This approach will have linear complexity and this is also the best asymptotic complexity you can possibly have(after all the input you're given is of linear size).
Inspired by Programmer Person's answer (initially I thought that approach was O(n!) so I discarded it). It needs O(nr of words) setup and then O(2^(chars in query)) for each question. This is exponential, but in Scrabble you only have 7 letter tiles at a time; so you need to check only 128 possibilities!
First observation is that the order of characters in query or word doesn't matter, so you want to process your list into a set of bag of chars. A way to do that is to 'sort' the word so "bac", "cab" become "abc".
Now you take your query, and iterate all possible answers. All variants of keep/discard for each letter. It's easier to see in binary form: 1111 to keep all, 1110 to discard the last letter...
Then check if each possibility exists in your dictionary (hash map for simplicity), then return the one with the maximum score.
import nltk
from string import ascii_lowercase
from itertools import product
scores = {c:s for s, c in enumerate(ascii_lowercase)}
sanitize = lambda w: "".join(c for c in w.lower() if c in scores)
anagram = lambda w: "".join(sorted(w))
anagrams = {anagram(sanitize(w)):w for w in nltk.corpus.words.words()}
while True:
query = input("What do you have?")
if not query: break
# make it look like our preprocessed word list
query = anagram(sanitize(query))
results = {}
# all variants for our query
for mask in product((True, False), repeat=len(query)):
# get the variant given the mask
masked = "".join(c for i, c in enumerate(query) if mask[i])
# check if it's valid
if masked in anagrams:
# score it, also getting the word back would be nice
results[sum(scores[c] for c in masked)] = anagrams[masked]
print(*max(results.items()))
Build a lookup trie of just the sorted-anagram of each word of the dictionary. This is a one time cost.
By sorted anagram I mean: if the word is eat you represent it as aet. It the word is tea, you represent it as aet, bubble is represent as bbbelu etc
Since this is scrabble, assuming you have 8 tiles (say you want to use one from the board), you will need to maximum check 2^8 possibilities.
For any subset of the tiles from the set of 8, you sort the tiles, and lookup in the anagram trie.
There are at most 2^8 such subsets, and this could potentially be optimized (in case of repeating tiles) by doing a more clever subset generation.
If this is a more general problem, where 2^{number of tiles} could be much higher than the total number of anagram-words in the dictionary, it might be better to use frequency counts as in Ivaylo's answer, and the lookups potentially can be optimized using multi-dimensional range queries. (In this case 26 dimensions!)
Sorry, this might not help you as-is (I presume you are trying to do some exercise and have constraints), but I hope this will help the future readers who don't have those constraints.
If the number of dictionary entries is relatively small (up to a few million) you can use brute force: For each word, create a 32 bit mask. Preprocess the data: Set one bit if the letter a/b/c/.../z is used. For the six most common English characters etaoin set another bit if the letter is used twice.
Create a similar bitmap for the letters that you have. Then scan the dictionary for words where all bits that are needed for the word are set in the bitmap for the available letters.
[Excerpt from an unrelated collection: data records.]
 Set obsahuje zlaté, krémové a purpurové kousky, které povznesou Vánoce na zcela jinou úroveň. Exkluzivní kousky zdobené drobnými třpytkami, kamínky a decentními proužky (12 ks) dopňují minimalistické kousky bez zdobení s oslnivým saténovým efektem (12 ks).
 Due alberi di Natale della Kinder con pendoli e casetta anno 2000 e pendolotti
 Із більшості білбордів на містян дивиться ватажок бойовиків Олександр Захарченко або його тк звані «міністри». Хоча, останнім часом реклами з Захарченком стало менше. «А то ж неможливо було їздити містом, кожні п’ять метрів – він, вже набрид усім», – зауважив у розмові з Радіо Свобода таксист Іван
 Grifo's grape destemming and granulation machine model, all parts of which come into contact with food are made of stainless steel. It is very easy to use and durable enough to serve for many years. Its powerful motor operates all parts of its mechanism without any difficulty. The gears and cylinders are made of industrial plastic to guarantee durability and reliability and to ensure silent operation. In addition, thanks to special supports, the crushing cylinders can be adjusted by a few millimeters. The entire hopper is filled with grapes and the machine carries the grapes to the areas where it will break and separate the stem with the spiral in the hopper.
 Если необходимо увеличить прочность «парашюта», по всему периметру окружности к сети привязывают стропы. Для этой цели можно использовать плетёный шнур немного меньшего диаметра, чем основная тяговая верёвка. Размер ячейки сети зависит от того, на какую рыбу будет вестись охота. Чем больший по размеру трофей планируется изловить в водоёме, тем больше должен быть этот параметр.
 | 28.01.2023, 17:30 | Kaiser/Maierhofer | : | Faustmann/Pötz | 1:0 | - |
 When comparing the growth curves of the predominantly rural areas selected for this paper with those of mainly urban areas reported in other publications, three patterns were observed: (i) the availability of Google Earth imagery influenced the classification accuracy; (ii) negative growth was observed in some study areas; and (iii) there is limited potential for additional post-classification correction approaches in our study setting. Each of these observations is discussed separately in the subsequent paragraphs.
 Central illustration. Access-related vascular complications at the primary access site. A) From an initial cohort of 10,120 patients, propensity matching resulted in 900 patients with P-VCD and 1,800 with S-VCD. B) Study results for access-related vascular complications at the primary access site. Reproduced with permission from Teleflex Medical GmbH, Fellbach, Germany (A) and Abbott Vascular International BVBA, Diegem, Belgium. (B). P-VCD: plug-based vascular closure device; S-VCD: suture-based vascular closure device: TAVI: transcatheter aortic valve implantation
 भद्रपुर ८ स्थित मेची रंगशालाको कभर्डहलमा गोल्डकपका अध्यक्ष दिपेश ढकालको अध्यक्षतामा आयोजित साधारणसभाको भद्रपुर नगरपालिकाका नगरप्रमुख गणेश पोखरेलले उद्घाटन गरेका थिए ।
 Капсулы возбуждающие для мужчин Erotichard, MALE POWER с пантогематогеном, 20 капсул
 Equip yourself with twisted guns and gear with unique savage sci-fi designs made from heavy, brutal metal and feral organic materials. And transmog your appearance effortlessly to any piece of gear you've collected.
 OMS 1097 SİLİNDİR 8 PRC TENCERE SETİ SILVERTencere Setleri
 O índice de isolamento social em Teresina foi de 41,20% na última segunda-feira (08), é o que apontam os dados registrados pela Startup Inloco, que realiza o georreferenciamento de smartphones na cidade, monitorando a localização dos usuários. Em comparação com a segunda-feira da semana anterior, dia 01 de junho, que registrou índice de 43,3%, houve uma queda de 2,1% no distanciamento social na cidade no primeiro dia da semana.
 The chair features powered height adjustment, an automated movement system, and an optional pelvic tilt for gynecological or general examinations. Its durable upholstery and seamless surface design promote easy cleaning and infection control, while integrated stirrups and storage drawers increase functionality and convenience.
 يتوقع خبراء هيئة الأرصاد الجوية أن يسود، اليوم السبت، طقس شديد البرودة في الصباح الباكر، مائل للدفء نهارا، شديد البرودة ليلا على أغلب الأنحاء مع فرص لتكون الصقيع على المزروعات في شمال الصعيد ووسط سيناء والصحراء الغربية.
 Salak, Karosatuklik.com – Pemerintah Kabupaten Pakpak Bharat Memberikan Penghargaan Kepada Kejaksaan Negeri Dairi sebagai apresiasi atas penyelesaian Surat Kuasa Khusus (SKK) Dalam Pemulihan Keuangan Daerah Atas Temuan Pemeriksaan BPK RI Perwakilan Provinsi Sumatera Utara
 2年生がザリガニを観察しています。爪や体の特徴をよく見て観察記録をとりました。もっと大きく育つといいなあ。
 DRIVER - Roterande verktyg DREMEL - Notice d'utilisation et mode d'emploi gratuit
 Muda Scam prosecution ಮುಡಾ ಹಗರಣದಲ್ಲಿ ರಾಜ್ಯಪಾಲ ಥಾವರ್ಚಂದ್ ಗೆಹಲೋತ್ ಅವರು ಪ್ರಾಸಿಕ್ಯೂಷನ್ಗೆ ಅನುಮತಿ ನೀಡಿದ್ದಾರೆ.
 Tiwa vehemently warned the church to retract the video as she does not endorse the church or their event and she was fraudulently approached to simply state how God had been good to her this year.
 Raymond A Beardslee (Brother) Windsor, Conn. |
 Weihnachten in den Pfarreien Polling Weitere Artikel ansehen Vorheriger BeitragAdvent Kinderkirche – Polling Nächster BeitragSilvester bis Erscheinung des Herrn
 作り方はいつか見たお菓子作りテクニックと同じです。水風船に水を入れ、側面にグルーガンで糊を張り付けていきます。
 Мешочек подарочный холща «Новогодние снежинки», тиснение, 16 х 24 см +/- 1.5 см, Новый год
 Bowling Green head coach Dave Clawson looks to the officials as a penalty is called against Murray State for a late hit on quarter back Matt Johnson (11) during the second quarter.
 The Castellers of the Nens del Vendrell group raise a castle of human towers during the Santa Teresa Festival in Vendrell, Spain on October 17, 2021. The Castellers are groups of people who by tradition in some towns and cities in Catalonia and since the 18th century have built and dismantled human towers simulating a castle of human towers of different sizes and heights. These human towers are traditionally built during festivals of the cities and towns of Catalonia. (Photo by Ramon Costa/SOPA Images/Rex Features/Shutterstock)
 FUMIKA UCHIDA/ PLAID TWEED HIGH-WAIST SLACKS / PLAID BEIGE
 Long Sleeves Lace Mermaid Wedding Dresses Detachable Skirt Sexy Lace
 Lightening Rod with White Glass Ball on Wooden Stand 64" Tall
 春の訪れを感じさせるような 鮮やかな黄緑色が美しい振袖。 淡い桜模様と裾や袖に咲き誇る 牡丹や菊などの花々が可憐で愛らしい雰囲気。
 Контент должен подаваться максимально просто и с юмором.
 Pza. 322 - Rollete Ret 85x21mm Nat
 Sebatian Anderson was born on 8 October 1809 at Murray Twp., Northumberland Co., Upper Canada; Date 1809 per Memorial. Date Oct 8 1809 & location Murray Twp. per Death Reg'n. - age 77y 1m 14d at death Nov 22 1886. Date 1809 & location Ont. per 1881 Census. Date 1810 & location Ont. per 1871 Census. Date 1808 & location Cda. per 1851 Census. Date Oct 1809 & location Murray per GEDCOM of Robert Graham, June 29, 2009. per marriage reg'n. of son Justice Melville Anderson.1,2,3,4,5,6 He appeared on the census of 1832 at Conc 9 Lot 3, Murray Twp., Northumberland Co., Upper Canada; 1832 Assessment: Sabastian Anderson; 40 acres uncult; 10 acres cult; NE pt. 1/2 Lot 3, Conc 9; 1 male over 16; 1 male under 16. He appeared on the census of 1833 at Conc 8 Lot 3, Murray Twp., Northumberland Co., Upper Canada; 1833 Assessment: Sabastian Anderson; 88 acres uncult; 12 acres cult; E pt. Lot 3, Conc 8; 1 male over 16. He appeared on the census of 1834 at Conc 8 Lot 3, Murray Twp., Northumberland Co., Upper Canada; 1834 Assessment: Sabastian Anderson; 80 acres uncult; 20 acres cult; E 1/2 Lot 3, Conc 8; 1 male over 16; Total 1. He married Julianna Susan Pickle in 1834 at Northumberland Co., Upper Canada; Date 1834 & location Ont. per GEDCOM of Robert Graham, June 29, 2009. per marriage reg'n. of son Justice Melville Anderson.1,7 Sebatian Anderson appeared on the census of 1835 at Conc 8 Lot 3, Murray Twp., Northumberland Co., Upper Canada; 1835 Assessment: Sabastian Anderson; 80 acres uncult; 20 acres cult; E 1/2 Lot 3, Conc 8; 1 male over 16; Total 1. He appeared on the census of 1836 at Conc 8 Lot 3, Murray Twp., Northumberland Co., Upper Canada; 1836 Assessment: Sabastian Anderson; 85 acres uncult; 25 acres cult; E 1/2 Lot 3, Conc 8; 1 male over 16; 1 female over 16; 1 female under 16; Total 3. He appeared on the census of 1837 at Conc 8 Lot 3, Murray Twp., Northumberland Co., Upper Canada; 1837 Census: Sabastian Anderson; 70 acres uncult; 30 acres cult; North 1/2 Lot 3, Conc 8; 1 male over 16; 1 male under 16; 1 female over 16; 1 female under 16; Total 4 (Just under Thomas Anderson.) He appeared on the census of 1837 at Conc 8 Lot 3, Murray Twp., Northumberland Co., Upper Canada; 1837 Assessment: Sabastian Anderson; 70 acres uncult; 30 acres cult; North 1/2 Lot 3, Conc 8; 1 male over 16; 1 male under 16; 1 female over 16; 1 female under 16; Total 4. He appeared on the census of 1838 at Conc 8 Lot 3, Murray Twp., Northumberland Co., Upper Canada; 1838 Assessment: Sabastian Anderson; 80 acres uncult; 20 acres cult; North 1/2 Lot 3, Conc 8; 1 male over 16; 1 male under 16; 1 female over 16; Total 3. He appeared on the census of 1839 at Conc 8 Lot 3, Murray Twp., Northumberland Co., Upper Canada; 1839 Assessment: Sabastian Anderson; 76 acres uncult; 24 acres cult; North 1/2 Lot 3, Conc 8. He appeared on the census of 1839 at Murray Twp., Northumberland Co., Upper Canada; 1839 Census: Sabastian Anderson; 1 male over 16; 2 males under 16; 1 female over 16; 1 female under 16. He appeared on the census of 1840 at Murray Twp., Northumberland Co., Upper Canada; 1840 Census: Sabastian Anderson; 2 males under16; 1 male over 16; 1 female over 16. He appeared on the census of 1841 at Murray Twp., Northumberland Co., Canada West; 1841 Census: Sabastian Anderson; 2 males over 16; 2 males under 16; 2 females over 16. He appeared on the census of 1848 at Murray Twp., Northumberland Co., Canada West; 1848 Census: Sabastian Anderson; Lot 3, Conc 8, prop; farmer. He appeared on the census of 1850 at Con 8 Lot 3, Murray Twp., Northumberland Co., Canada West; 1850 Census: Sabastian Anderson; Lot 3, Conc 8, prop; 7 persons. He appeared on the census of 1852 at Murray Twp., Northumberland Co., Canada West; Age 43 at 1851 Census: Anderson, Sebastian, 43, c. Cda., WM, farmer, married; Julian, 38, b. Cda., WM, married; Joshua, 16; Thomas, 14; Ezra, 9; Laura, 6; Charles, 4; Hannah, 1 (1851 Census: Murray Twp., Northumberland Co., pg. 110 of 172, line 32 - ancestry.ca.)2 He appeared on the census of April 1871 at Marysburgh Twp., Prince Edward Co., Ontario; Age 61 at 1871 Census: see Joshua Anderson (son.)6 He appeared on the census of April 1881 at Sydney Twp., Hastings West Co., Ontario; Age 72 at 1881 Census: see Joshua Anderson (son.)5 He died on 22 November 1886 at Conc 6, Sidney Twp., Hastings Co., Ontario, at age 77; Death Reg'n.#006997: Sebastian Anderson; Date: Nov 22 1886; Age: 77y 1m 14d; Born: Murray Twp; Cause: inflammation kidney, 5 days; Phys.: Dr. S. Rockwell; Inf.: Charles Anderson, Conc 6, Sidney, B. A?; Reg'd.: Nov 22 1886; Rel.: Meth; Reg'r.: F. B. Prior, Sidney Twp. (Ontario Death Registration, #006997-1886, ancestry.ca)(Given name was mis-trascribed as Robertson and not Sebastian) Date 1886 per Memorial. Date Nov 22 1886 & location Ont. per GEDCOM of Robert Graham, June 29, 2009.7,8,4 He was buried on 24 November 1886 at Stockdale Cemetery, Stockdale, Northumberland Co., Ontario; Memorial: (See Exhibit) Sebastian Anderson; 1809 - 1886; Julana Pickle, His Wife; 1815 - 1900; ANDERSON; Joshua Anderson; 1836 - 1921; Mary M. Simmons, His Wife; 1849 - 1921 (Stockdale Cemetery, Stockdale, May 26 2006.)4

You have reduced the problem to words where you have all needed characters once, and the six most common characters twice if the are needed twice. You'll still have to check if a word can be formed in case you have a word like "bubble" and the first test only tells you that you have letters b,u,l,e but not necessarily 3 b's.
By also sorting the list of words by point values before doing the check, the first hit is the best one. This has another advantage: You can count the points that you have, and don't bother checking words with more points. For example, bubble has 12 points. If you have only 11 points, then there is no need to check this word at all (have a small table with the indexes of the first word with any given number of points).
To improve anagrams: In the table, only store different bitmasks with equal number of points (so we would have entries for bubble and blue because they have different point values, but not for team and mate). Then store all the possible words, possibly more than one, for each bit mask and check them all. This should reduce the number of bit masks to check.
Here is a brute force approach in python, using an english dictionary containing 58,109 words. This approach is actually quite fast timing at about .3 seconds on each run.
from random import shuffle
from string import ascii_lowercase
import time
def getValue(word):
return sum(map( lambda x: key[x], word))
if __name__ == '__main__':
v = range(26)
shuffle(v)
key = dict(zip(list(ascii_lowercase), v))
with open("/Users/james_gaddis/PycharmProjects/Unpack Sentance/hard/words.txt", 'r') as f:
wordDict = f.read().splitlines()
f.close()
valued = map(lambda x: (getValue(x), x), wordDict)
print max(valued)
Here is the dictionary I used, with one hyphenated entry removed for convenience.
Can we assume that the dictionary is fixed and the score are fixed and that only the letters available will change (as in scrabble) ? Otherwise, I think there is no better than looking up each word of the dictionnary as previously suggested.
So let's assume that we are in this setting. Pick an order < that respects the costs of letters. For instance Q > Z > J > X > K > .. > A >E >I .. > U.
Replace your dictionary D with a dictionary D' made of the anagrams of the words of D with letters ordered by the previous order (so the word buzz is mapped to zzbu, for instance), and also removing duplicates and words of length > 8 if you have at most 8 letters in your game.
Then construct a trie with the words of D' where the children nodes are ordered by the value of their letters (so the first child of the root would be Q, the second Z, .., the last child one U). On each node of the trie, also store the maximal value of a word going through this node.
Given a set of available characters, you can explore the trie in a depth first manner, going from left to right, and keeping in memory the current best value found. Only explore branches whose node's value is larger than you current best value. This way, you will explore only a few branches after the first ones (for instance, if you have a Z in your game, exploring any branch that start with a one point letter as A is discarded, because it will score at most 8x1 which is less than the value of Z). I bet that you will explore only a very few branches each time.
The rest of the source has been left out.